Address: 0x7fed51403460, Value: here, Next: 0x7fed51403440
Address: 0x7fed51403440, Value: are, Next: 0x7fed51403420
Address: 0x7fed51403420, Value: some, Next: 0x7fed51403400
Address: 0x7fed51403400, Value: words, Next: 0x0

Alright! That is a list of words, for sure. What if I read in a lisp list? (notice the surrounding parens on the inside of the double quotes now)…

int main() {
    C *a_list = read("(here are some words)");
    debug_list(a_list);
    return 0;
}

This gives me:

Address: 0x7f9852c03460, Value: (here, Next: 0x7f9852c03440
Address: 0x7f9852c03440, Value: are, Next: 0x7f9852c03420
Address: 0x7f9852c03420, Value: some, Next: 0x7f9852c03400
Address: 0x7f9852c03400, Value: words), Next: 0x0

Which is not at all what I want! Of course, as written, the parser doesn’t know anything about lists, or lisp syntax. It simply doesn’t make a distinction between the opening and closing parens and any other char. Further, though I’ve been referring to the structure that results from linking a bunch of these cell’s together as a ‘linked list’, because that’s what it is, but that structure alone is insufficient to express a lisp. I’m going to have to fix that problem first.

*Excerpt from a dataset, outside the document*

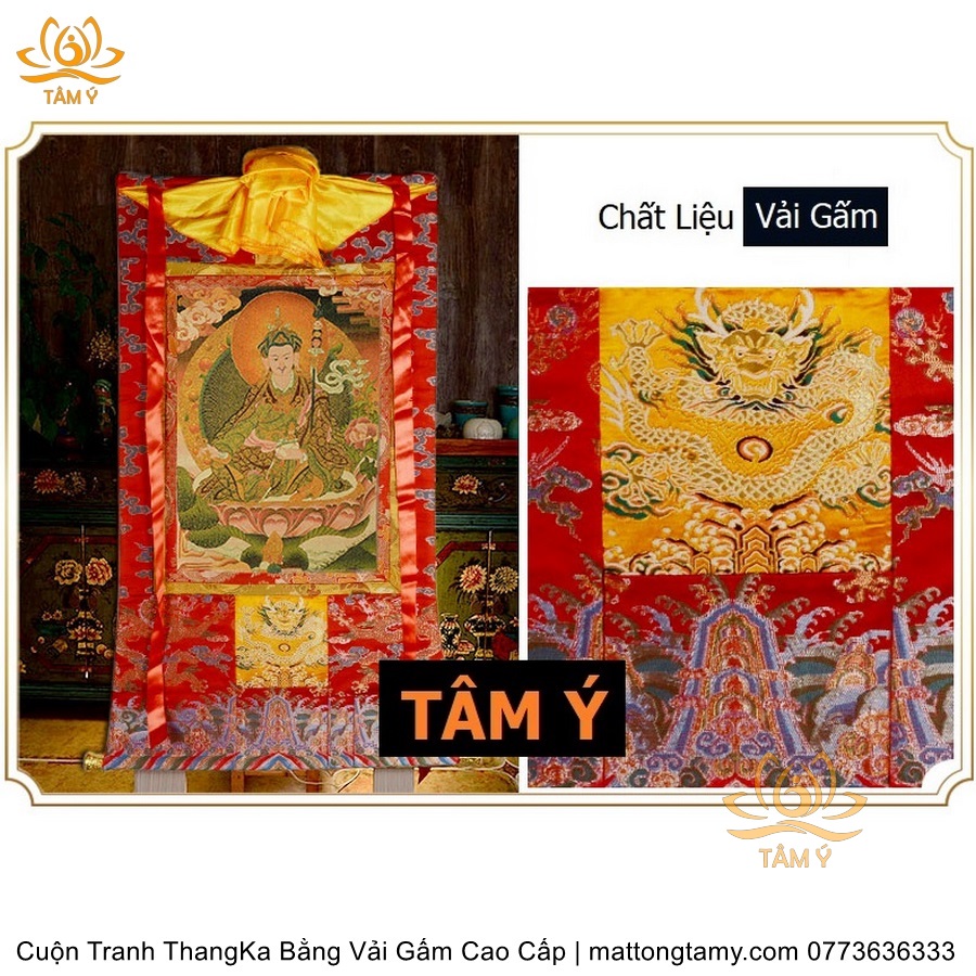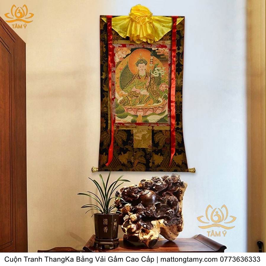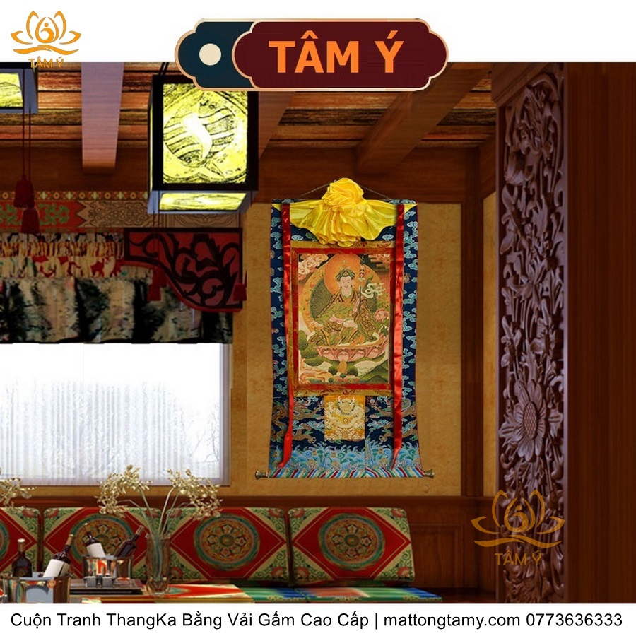 Cuộn Tranh ThangKa Phật Liên Hoa Sinh Bằng Vải Gấm Cao Cấp Kiểu 7, TCT35

The most basic syntactical element of any lisp is a symbolic expression, or an S-Expression for short. An S-Expression can be only one of two basic things: an atom or a list. Right now, we only have a type of atom, there is no concept of a list, at all. A cell, currently, can only hold a string; I need to add another type of value to the cell that is itself a list. Because lists are represented by a pointer address to the first element in the list, I simply need to add another member to the cell struct that can hold one of those, like so:

typedef struct C {
    char * val;
    struct C * list_val;
    struct C * next;
} C;

I’ll also add this member to the makecell() constructor function:

C *makecell(char *val, C *list_val, C *next) {
    C *out = malloc(sizeof(C));
    out->val = val;
    out->list_val = list_val;
    out->next = next;
    return out;
};

And because I’ve added it there, I’ll also have to pass in a NULL if I’m not assigning it to anything when I call it.

C * read(char *s) {
    switch(*s) {
        case '\0': case ')':
            return NULL;
        case ' ': case '\n':
            return read(s + 1);
        default:
            return makecell(read_substring(s), NULL, read(s + count_substring_length(s) + 1));
    }
}

Now, I need to teach the reader about parens, and what to do when it sees one. The closing paren is easy, it represents the end of a list, just like the NULL byte '\0' does, so that will also return NULL. The opening paren needs to return a different type of cell, a list. It will also call makecell(). Take a look at this new read function:

C * read(char *s) {
    switch(*s) {
        case '\0': case ')':
            return NULL;
        case ' ': case '\n':
            return read(s + 1);
        case '(':
            return makecell(NULL, read(s + 1), read(s + count_list_length(s) + 1));
        default:
            return makecell(read_substring(s), NULL, read(s + count_substring_length(s) + 1));
    }
}

Now, if the reader sees an opening paren, it will begin to create a new list as the list_val member of the cell it is creating. When it is done making that sublist, it needs to jump ahead past the end of the list it just made and read in the next value from there.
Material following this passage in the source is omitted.